The use cases described in this section do not constitute an exhaustive list of all the possible scenarios: this section only includes some of the most common envisioned deployment models for Segment Routing over IPv6 (SRv6).
In addition to the use cases described in this document, all the SPRING use cases [RFC7855] are also applicable to the SRv6 data plane.
An IPv6-enabled Small Office, Home Office (SOHO) provides ample globally routed IP addresses for all devices in the SOHO. An IPv6 small office with multiple egress points and associated provider- assigned prefixes will, in turn, provide multiple IPv6 addresses to hosts. A small office performing source and destination routing [PA-MULTIHOMING] will ensure that packets exit the SOHO at the appropriate egress based on the associated delegated prefix for that link.

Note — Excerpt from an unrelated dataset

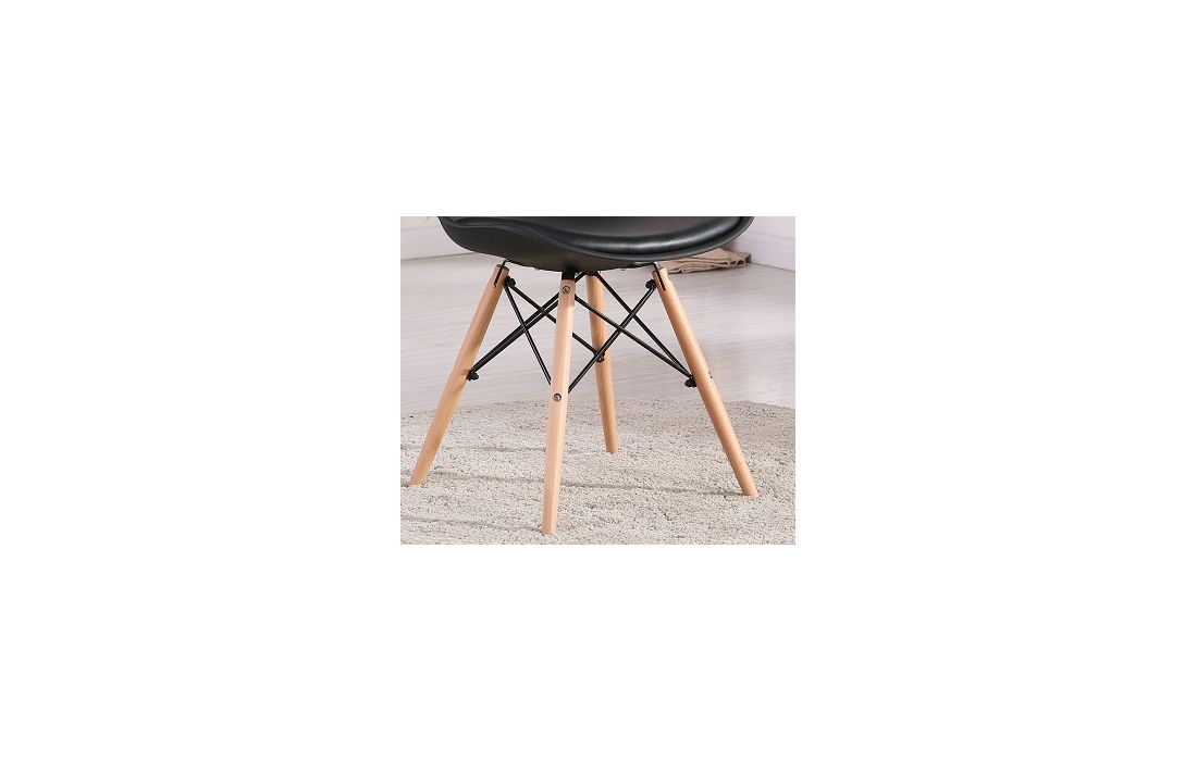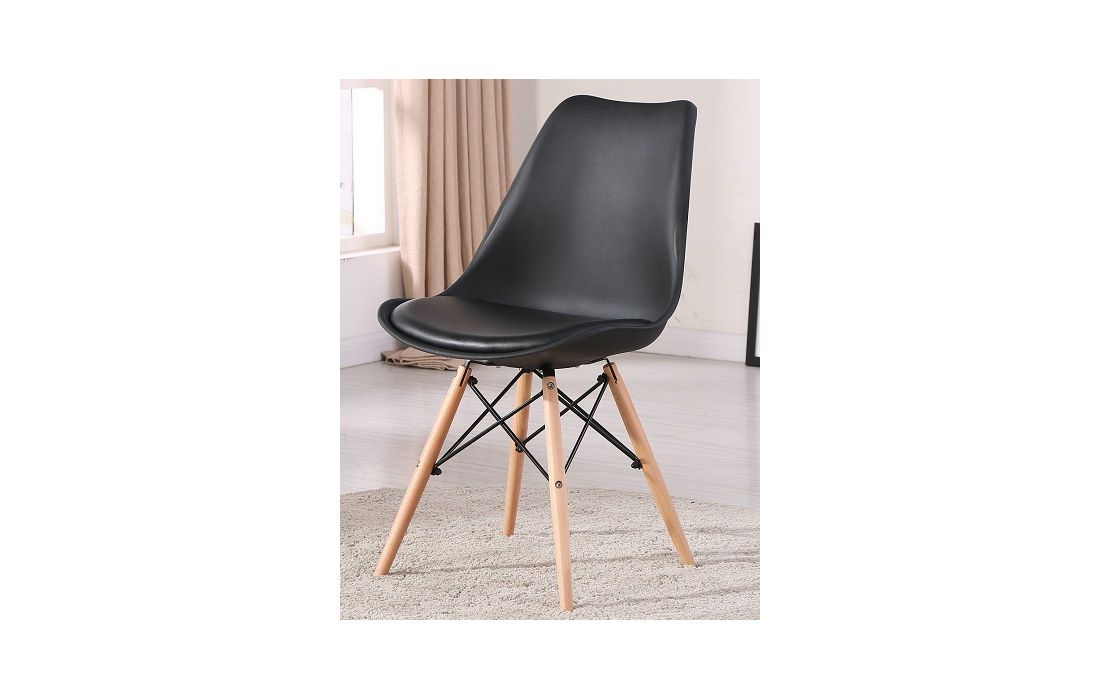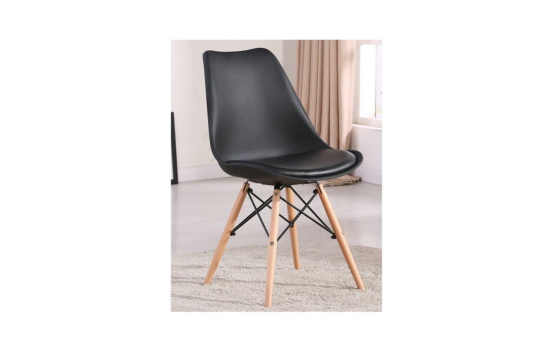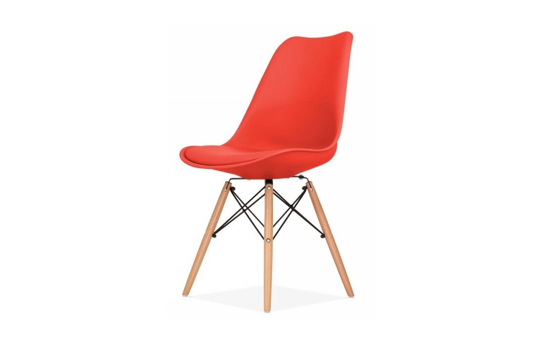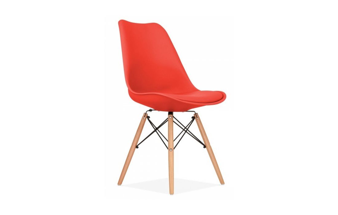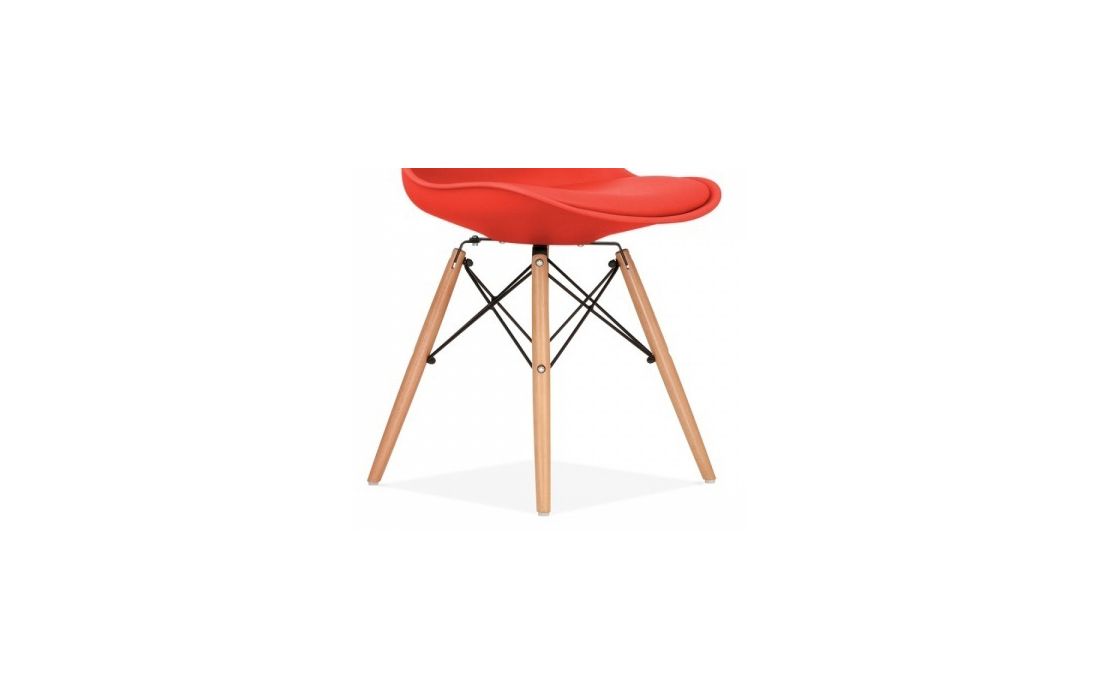 Chair with structure in polypropylene, seat in synthetic leather of orange, white, black or red color, feet in solid beech wood with metal detail.

A SPRING-enabled SOHO provides the ability to steer traffic into a specific path from end hosts in the SOHO or from a customer edge router in the SOHO. If the selection of the source-routed path is enabled at the customer edge router, that router is responsible for classifying traffic and steering it into the correct path. If hosts in the SOHO have explicit source selection rules, classification can be based on the source address or associated network egress point, thus avoiding the need for implicit classification techniques based on Deep Packet Inspection (DPI). If the traffic is steered into a specific path by the host itself, it is important to know which networks can interpret the SPRING header. This information can be provided as part of the host configuration as a property of the configured IP address.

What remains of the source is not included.